We noted a close structural correspondence between states described in ref. 3 and those that we found during our simulations. The other study’s structural interpretation of the unfolding via intermediates given in the main text (in their notation) (N→I1→I2→U) closely corresponds to the reverse of one of our folding pathways (F→TS2→N→U) in the presence of the bilayer. Note that, in the other authors’ notation, N refers to “native,” whereas in our notation, N refers to N-terminal. Using mutational perturbations and by examining unfolding rip lengths, the other authors infer a unidirectional unfolding pathway that starts at the C-terminal and proceeds roughly two helices at a time. I1 therefore corresponds to unfolding of TM5 and TM6. In our TS2, TM6 is unfolded and TM4 and TM5 are in the process of being folded onto the N-terminal domain. I2 corresponds to the unfolding of two more helices, leaving only TM1 and TM2 folded. The N-terminal folded domain in our simulations (N) in the presence of the bilayer consists of a folded TM1 and TM2 and a partially folded TM3. The structural decomposition of GlpG into domains given in the other study’s supplementary information (into N, M, and C domains) corresponds more or less exactly to the reverse of one of our dominant folding pathways (F→C2→C1→U) in the absence of the bilayer. The N domain consists of TM1 and L1, which is the unfolded part of the molecule in our C2. The M domain consists of TM2 and TM3, which are the two helices that unfold when going from C2 to C1 in our analysis. Finally, the C domain consists of TM4-6, which is the minimal folding unit for the C-terminal domain in our simulations and makes up the folded region in C1.

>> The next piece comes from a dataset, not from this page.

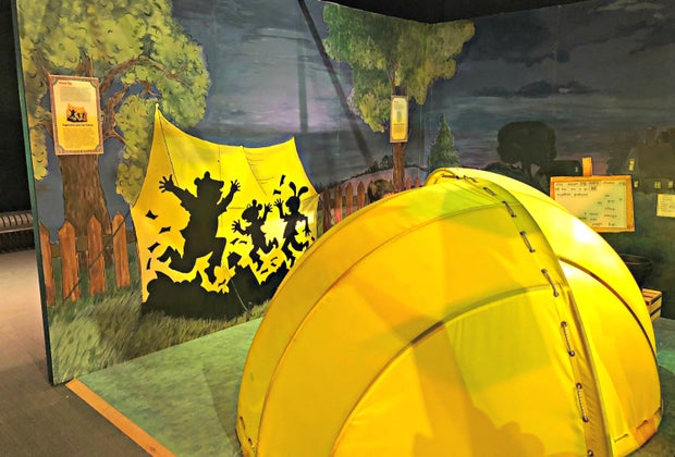 This was my son’s favorite part of the entire exhibit by far, and it was the simplest set up of them all — just some walls illustrated with renderings of Arthur and his friends camping in the backyard, and an actual giant yellow tent, outfitted with all the camping essentials. My son loved running around this display, but if you're visiting with a new walker, you may want to go into the tent to help your tot navigate the set-up inside.

Comparison of Simulated Unfolded Ensembles in the Absence and Presence of the Implicit Membrane to Double Electron–Electron Resonance Experiments

To more precisely compare the degree of compaction between the two simulated unfolded ensembles and to expose these unfolded ensembles to potential experimental falsification, we calculated the expected value of several intrahelical and interhelical distances as a function of temperature. These distances were chosen in analogy to distances that were measured in the SDS-unfolded state of bacteriorhodopsin (bR) using double electron–electron resonance (DEER) experiments (44). To measure these distances during the simulations, we virtually labeled the Cα atoms of residues D116 (TM1), F146 (TM2), P195 (TM3), G199 (TM4), F245 (TM5), and A250 (TM6) on the periplasmic side of the protein and A93 (TM1), S171 (TM2 and TM3), P219 (TM4), L225 (TM5), and N271 (TM6) on the cytoplasmic side. Note that the cytoplasmic loop between TM2 and TM3 is very short, so we use S171 to represent the cytoplasmic ends of both TM2 and TM3. Based on the location of these atoms, we calculated six intrahelical distances (A93-D116, TM1; F146-S171, TM2; S171-P195, TM3; G199-P219, TM4; L225-F245, TM5; A250-N271, TM6) corresponding to the length of each helix and 12 interhelical distances (TM1–TM2, TM1–TM4, TM1–TM6, TM2–TM4, TM2–TM6, and TM4–TM6 on both the cytoplasmic and periplasmic sides).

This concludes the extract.